Perhaps Roku’s biggest advantage might be its growing advertising platform. If Roku can continue to develop best in class tools for brands to advertise into streaming video, this business could prove quite lucrative. We’ve already seen how big advertising businesses can get in the cases of Google and Facebook, so Roku management is wise to be giving this area the proper attention and investment. As linear television usage continues its decline, the leader in monetizing AVOD services could stand to become very valuable in the years ahead. Assuming Netflix remains off-limits for ads, if Roku’s capabilities and market position for advertising spend increase dramatically, you might even see Hulu open up some inventory to Roku.
Is Roku a buyout target?
With Roku’s strong strategic position in the space, it would make sense to consider Roku to be a buyout target for a larger company. Over the last year, many have speculated the possibility of a Roku buyout and there have been many different companies named in the M&A speculation. Companies often associated with the talks of a Roku buyout are Walmart (WMT), AT&T (T), and Alphabet (GOOGL).
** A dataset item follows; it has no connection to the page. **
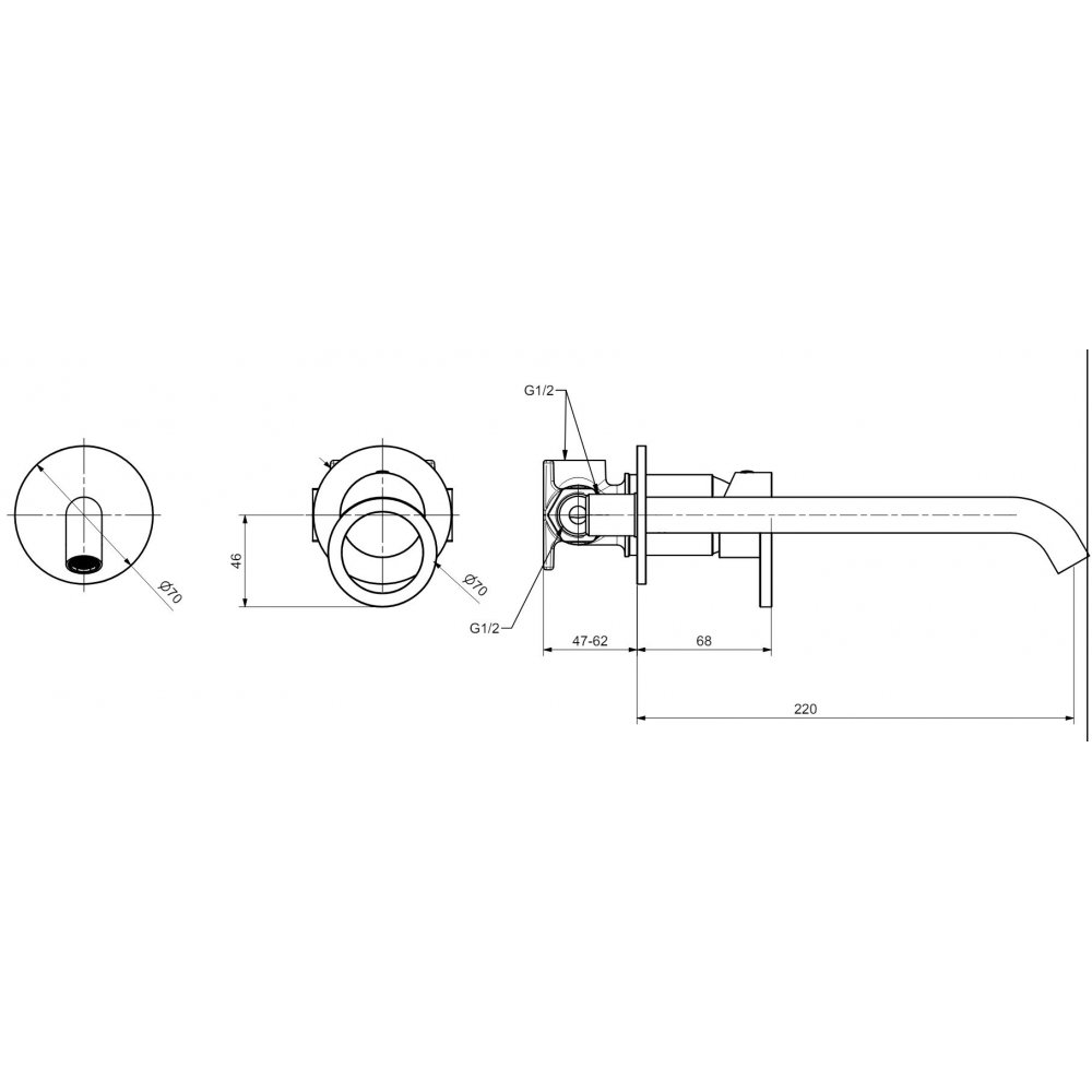 BUGNATESE B-COLOR WANDBATTERIE 22 CM AUSLAUF UND KLICK-ABLAUFGARNITUR CHROM

One could make a good case for each of these companies’ interest in Roku. For Walmart, the biggest reason to acquire Roku is their competition with Amazon. Walmart has taken necessary steps to keep up with Amazon particularly in the e-commerce space. However, with the acquisitions made in the last year including Bare Necessities, Cornershop ($225 million), and Flipkart ($16 billion), it’s hard to see the company spending another estimated $10 billion for Roku.
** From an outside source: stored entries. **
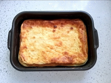 Выложите тесто в смазанную маслом форму. Пеките запеканку в разогретой до 170°С духовке около 35 минут. Учитывайте, что духовки у всех разные. Температура и время приготовления могут отличаться от указанных в рецепте. Во время выпечки запеканка быстро поднимется, но как только вытащите ее из духовки — тут же опустится. Запеканка сильно подрумянивается, можете накрыть ее фольгой. Готовую запеканку немного остудите и подавайте к столу. Приятного аппетита!
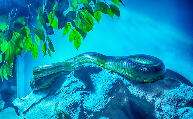 When it comes to size, the green anaconda doesn’t disappoint. These massive snakes can reach lengths of up to 30 feet and can weigh over 500 pounds. Their colossal bodies are covered in a beautiful pattern of green scales, allowing them to blend seamlessly into their lush, aquatic habitats.
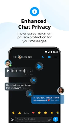 Az imo sokkal többet kínál, mint egyszerű szöveges üzenetek. Fejezd ki magad teljes mértékben a barátaiddal és családoddal képek és hangüzenetek megosztásával. Tedd még személyesebbé a beszélgetéseidet az ingyenes, kifejező matricák széles választékával, amelyekkel minden érzelmet kifejezhetsz. Hozz létre könnyedén csoportokat barátaiddal, családtagjaiddal, kollégáiddal vagy akár szobatársaiddal, és élvezzétek a közös élmények megosztását, a fotók egyszerű böngészését és a gondtalan csevegést egyetlen, intuitív felületen.

From a strategic standpoint, it would make a lot of sense for AT&T to pull the trigger on Roku. HBO and DirecTV would benefit from being front and center on the Roku platform. The blinding issue with AT&T is the debt load north of $190 billion that AT&T has committed to reducing. At this juncture, I don’t believe AT&T is a buyer.
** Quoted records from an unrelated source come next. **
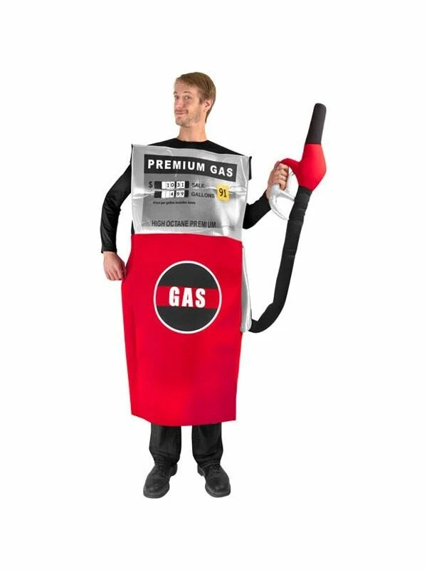 Like so many things we use today, the gasoline pump was first invented late in the 19th century. Back then only kerosene was being pumped out of the fuel dispensers but with the invention of the automobile and many ensuing decades we now have the modern gas pump. Our fuel pump costume features a boxy, tunic style costume with attached “nozzle” that can be held in one had.
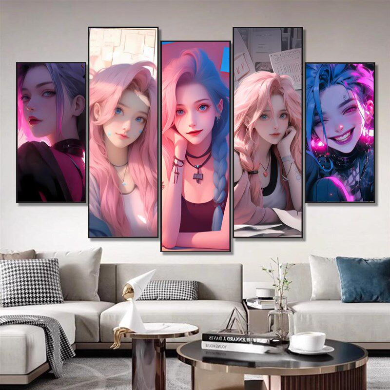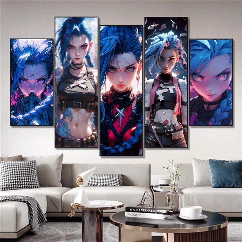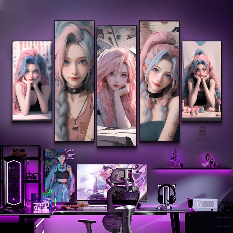 📚 英雄联盟a金克丝挂画五联客厅装饰画网咖电竞房卧室床头背景发光
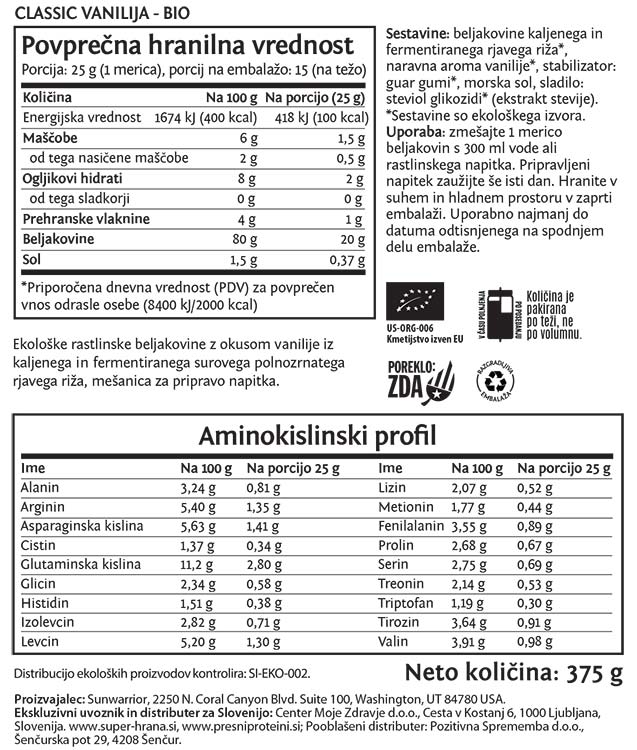Sunwarrior Classic biljni proteini (okus vanilije) iz fermentiranih i proklijala integralna smeđa riža. Classic jeizvor proteina u najčišćem obliku dobiven od fermentirane i proklijale smeđe riže cjelovitog zrna organske proizvodnje, bez alergena. Neka vas ne zavara blaga priroda riže. Sunwarrior Classic biljni proteini osiguravaju dovoljno proteina i povoljan omjer aminokiselina za svaki dan.

Finally, Google Alphabet has been mentioned. Strategically, AT&T makes the most sense. But if one of these companies were to buy Roku, it might be Google. Google is sitting on a significant pile of cash ($113 billion) so Roku is affordable. One reason Google may be interested in buying Roku is to boost the reach of YouTube, particularly YouTube TV. Roku would give good exposure to those services and make up for Google’s lack of significant presence in the video streaming space.
If any company were to consider buying Roku, they may want to act quickly as Roku’s price tag continues to grow. As of writing, the stock has nearly tripled year-to-date in 2019.
Whether Roku gets bought out or not, the company is certainly in a position to reap massive benefits from the cultural shift into the streaming media age through the success of its platform, streaming service, and hardware.